Starting with the line in which "Née de quatre" appears, give back every line exactly as written until the listing ends, excluding pictures.

■ **DATA SHOWN**

☆ ☆ ☆

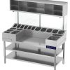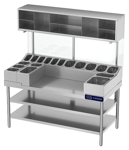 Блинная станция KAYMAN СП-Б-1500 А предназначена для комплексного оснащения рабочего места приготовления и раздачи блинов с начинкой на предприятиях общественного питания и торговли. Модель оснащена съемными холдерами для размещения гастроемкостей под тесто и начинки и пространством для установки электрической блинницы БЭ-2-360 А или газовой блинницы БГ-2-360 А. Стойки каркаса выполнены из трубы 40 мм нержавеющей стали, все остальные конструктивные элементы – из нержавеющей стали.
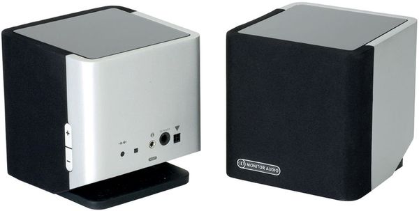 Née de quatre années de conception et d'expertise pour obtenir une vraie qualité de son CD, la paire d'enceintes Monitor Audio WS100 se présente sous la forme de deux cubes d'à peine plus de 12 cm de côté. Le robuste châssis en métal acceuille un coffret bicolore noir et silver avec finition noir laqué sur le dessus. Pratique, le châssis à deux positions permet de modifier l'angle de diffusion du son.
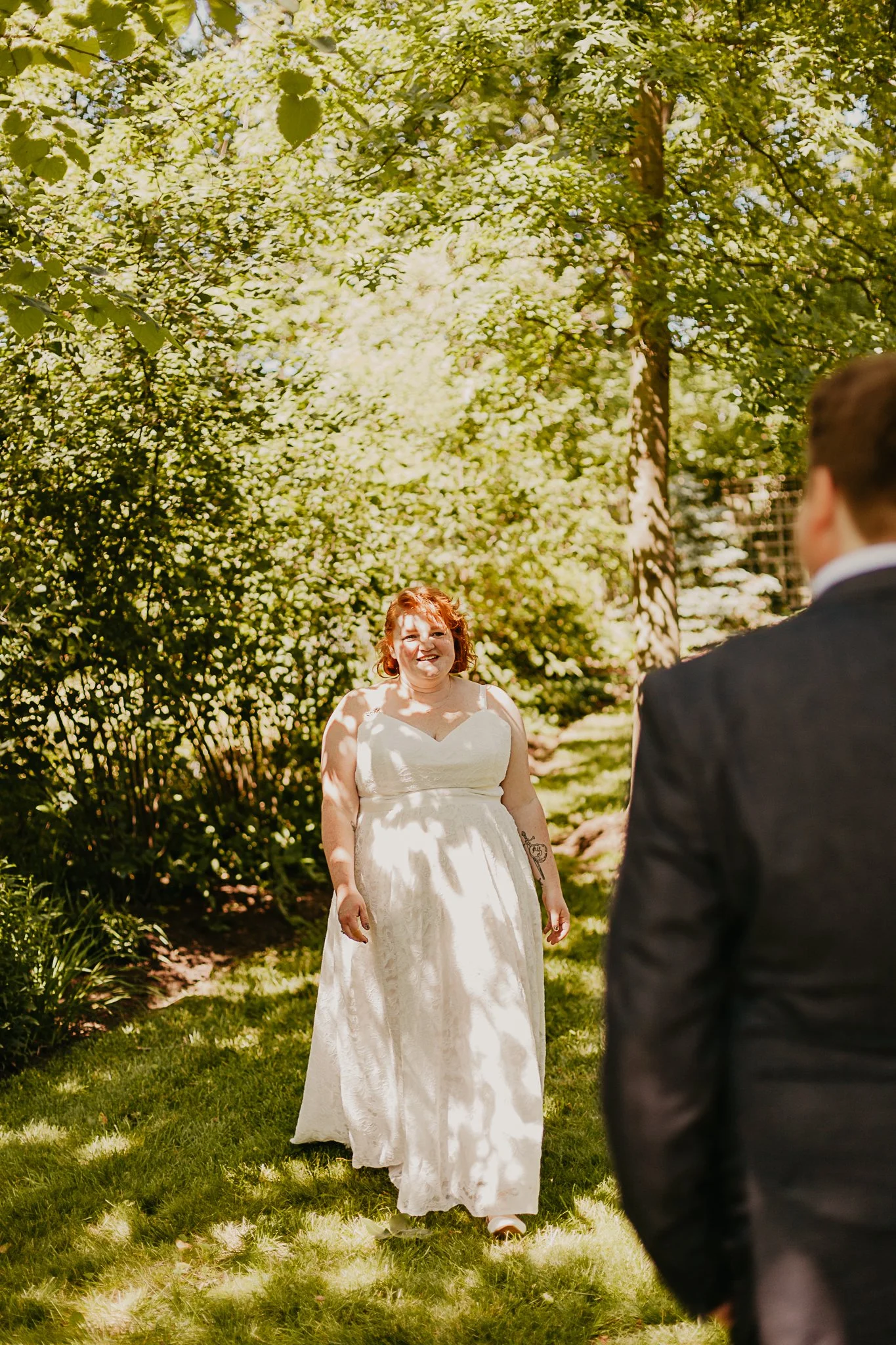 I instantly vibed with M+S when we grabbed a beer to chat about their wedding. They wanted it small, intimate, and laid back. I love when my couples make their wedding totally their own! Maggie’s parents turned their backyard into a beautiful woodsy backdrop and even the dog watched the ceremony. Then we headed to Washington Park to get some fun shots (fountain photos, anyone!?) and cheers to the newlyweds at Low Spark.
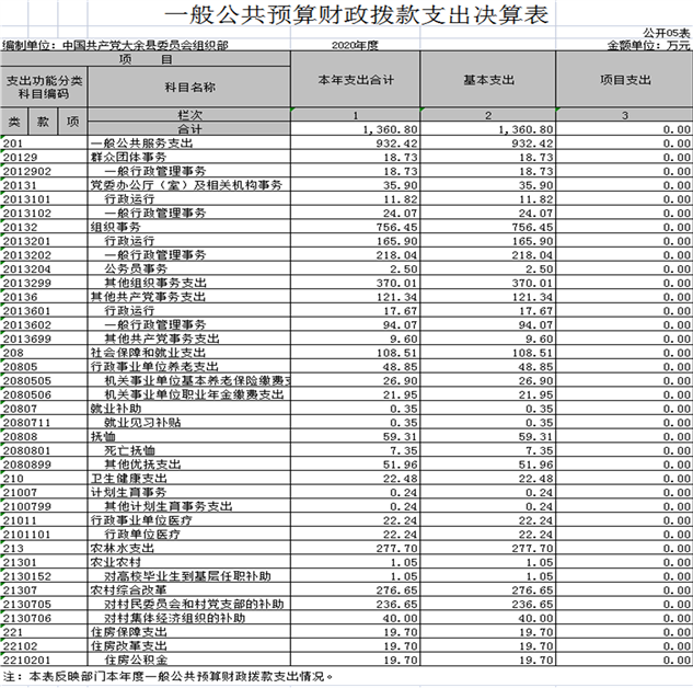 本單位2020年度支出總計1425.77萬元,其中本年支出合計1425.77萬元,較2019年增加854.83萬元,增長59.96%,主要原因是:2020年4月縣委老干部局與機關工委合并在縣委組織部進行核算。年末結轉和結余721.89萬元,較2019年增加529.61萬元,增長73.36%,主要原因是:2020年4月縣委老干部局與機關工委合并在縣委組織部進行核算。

☆ ☆ ☆

■ **SOLVED EXERCISE**
 Née de quatre années de conception et d'expertise pour obtenir une vraie qualité de son CD, la paire d'enceintes Monitor Audio WS100 se présente sous la forme de deux cubes d'à peine plus de 12 cm de côté. Le robuste châssis en métal acceuille un coffret bicolore noir et silver avec finition noir laqué sur le dessus. Pratique, le châssis à deux positions permet de modifier l'angle de diffusion du son.
 I instantly vibed with M+S when we grabbed a beer to chat about their wedding. They wanted it small, intimate, and laid back. I love when my couples make their wedding totally their own! Maggie’s parents turned their backyard into a beautiful woodsy backdrop and even the dog watched the ceremony. Then we headed to Washington Park to get some fun shots (fountain photos, anyone!?) and cheers to the newlyweds at Low Spark.
 本單位2020年度支出總計1425.77萬元,其中本年支出合計1425.77萬元,較2019年增加854.83萬元,增長59.96%,主要原因是:2020年4月縣委老干部局與機關工委合并在縣委組織部進行核算。年末結轉和結余721.89萬元,較2019年增加529.61萬元,增長73.36%,主要原因是:2020年4月縣委老干部局與機關工委合并在縣委組織部進行核算。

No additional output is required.